Fiesta del Bautismo del Señor

Lecturas: Is 42: 1-4, 6-7 | Salmo 29: 102, 304, 9-10 | Mc 1: 7-11

Uno de entre muchos es señalado, expuesto y se convierte de repente en el centro de atención. Los ojos de los demás caen sobre él. Algunas de estas miradas están cargadas de esperanza; otras de odio. Eso supone ser el Mesías.

Comienzan así las ilusiones: por fin ha llegado el momento; ahora todo cambiará; la solución se acerca; es nuestro turno. También llegan las desconfianzas: ¿será éste el que ha de venir?, ¿no es éste el hijo del carpintero? Unos lo seguirán; otros lo perseguirán. Unos lo verán como la Buena Nueva; otros como enemigo. Unos lo aclamarán con ramos de olivos y cánticos; otros decidirán su muerte en una cruz.

Cuando nació, sólo Herodes temía perder su puesto. Cuando empezó su vida pública muchos temieron el cambio que Él supondría. Quizá Herodes I, el Grande, durmió tranquilo tras la matanza de los inocentes (Mt 2:16-18). Pero nadie después de Jesucristo ha podido dormir tranquilo acomodado en su propia mediocridad. Esa voz que clama en el desierto se transformó en una voz que proclama la paternidad de Dios, la filiación de los hombres y la necesidad de un mundo más justo. Quien no esté en el proyecto que se atenga a las consecuencias.

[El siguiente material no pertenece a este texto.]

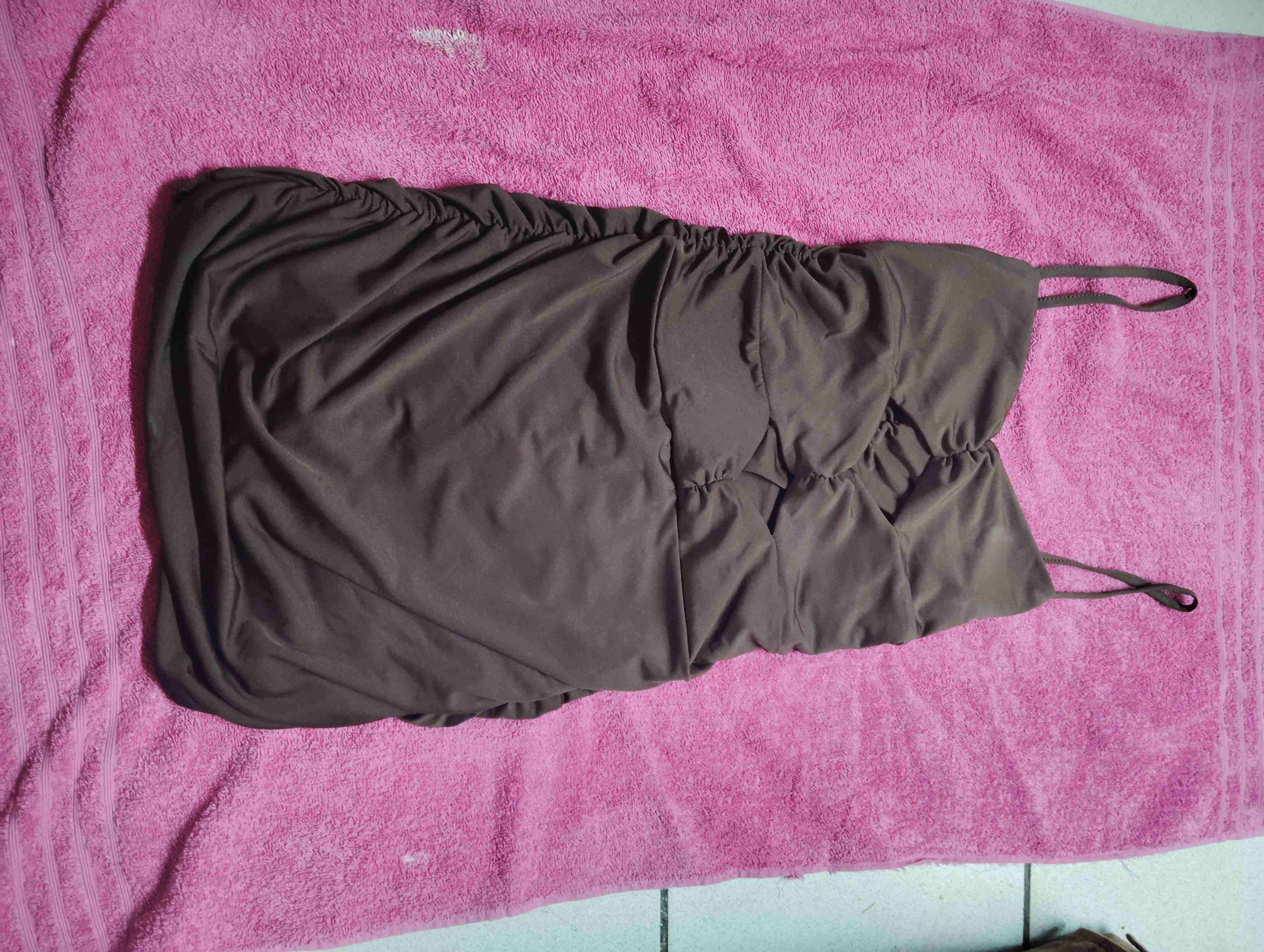 Elegante vestido marrón con tirantes, ideal para fiestas. En buen estado.
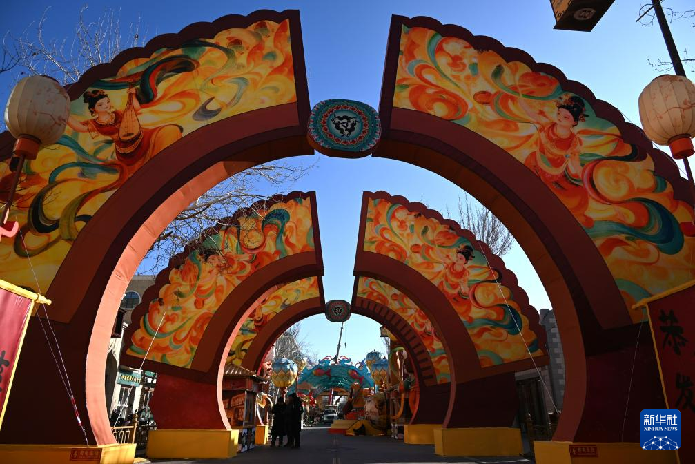 这是12月28日在敦煌夜市拍摄的特色花灯安装现场。新华社发(张晓亮 摄)

Aún siendo un acto público, el bautismo del Señor fue un gesto íntimo. El Padre, el Espíritu y dos hombres de Dios supieron lo que de veras sucedía. Juan el Bautista se sorprendió al ver a Jesús entrar en las aguas donde Israel lavaba su pecado. “Yo debería ser bautizado por ti, ¿y tú vienes a mí?”, preguntó Juan. Jesús le contestó: “Déjalo así por ahora, pues es conveniente que cumplamos todo lo que es justo ante Dios”. Juan consiente a esta paradoja que señala la solidaridad entre el mesías y su precursor.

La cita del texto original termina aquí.